I wasn’t sure whether she meant the clerk’s office
or Starvation Lake, but I would’ve bet she’d never leave either. Despite what she said, she was probably back with Sully, or would be soon. I wouldn’t have been surprised to hear he’d put her up to suing so they could split the insurance money.
“I hope your arm gets better,” I said. I told her I needed to see the minutes for all the town council meetings from March through August of 1988. Just as her mother had fifteen years before, Vicky handed me a public-information request form.
“Boy, Vicky, do I really have to do this?” I said. “I’m in kind of a hurry.”
“Sorry. It’s policy. My moth-my boss would kill me.”
She folded her hands on the counter while I filled it out. She looked bored. I’d almost finished when she leaned across and said, “Can I ask you something?”
I looked up from the form. “Sure.”
“Why’d you come back?”
“Come back?”
“Here. Why’d you come back here? I heard you had it made downstate, then you got fired.”
What the hell happened to you, Spackle? I thought. Didn’t you have it made? Then I immediately felt bad for thinking it.
“Fired?” I said. “Not really. I just wasn’t seeing eye to eye with my bosses, and I thought it’d be good to come back here and regroup before I get out in the real world again.”
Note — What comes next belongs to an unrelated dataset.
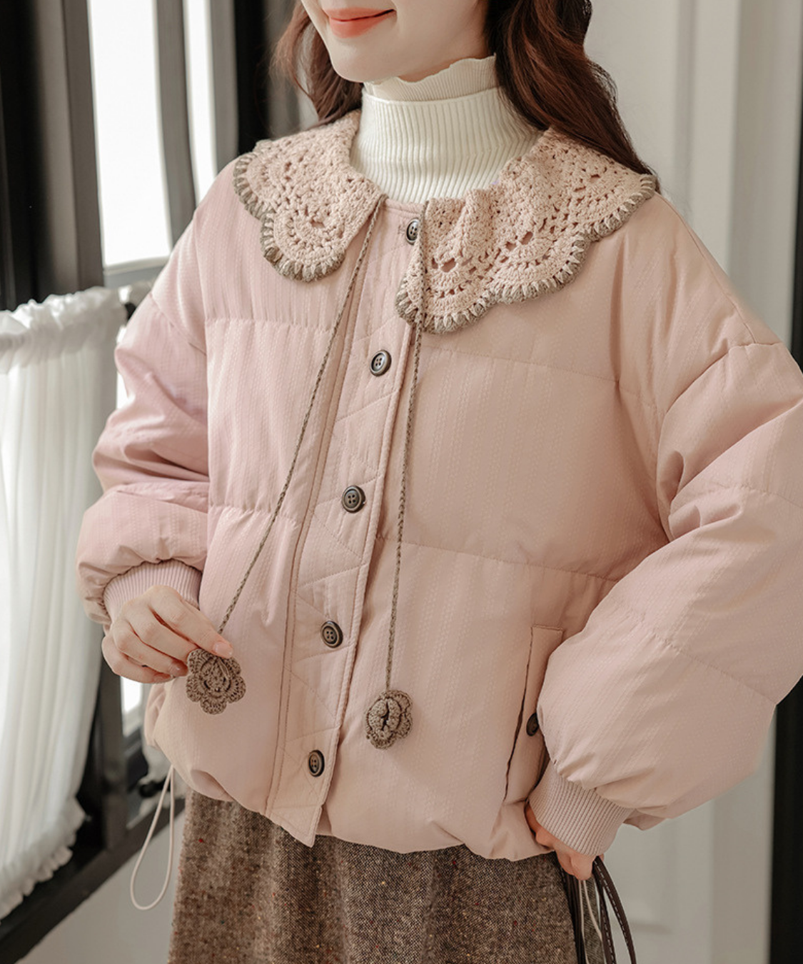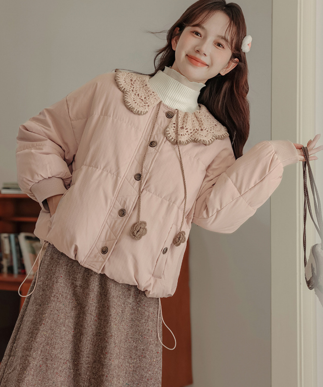 かぎ編み風のスカラップ襟がクラシカルな雰囲気を演出するカーディガンです。

She knew I was lying. She gave me a little smile, seeming comforted to know that she had a kindred spirit, someone else who appreciated the dull pain of being stuck forever in Starvation Lake. “Give me that,” she said, taking the form. She looked around the room. “Hang on.”
Fifteen minutes passed as she went through drawer after drawer of filing cabinets in the back of the room. She came back to the counter empty-handed. “I’ll be damned,” she said. “They aren’t hard to find, everything’s filed by year, but there’s a whole big folder missing from 1988. Maybe somebody from Town Hall came over and-uh-oh.” She was looking past my shoulder. I turned around to see Verna Clark, lips pursed, hands on her hips. She didn’t look pleased, but then I wouldn’t have known what she looked like when she was pleased.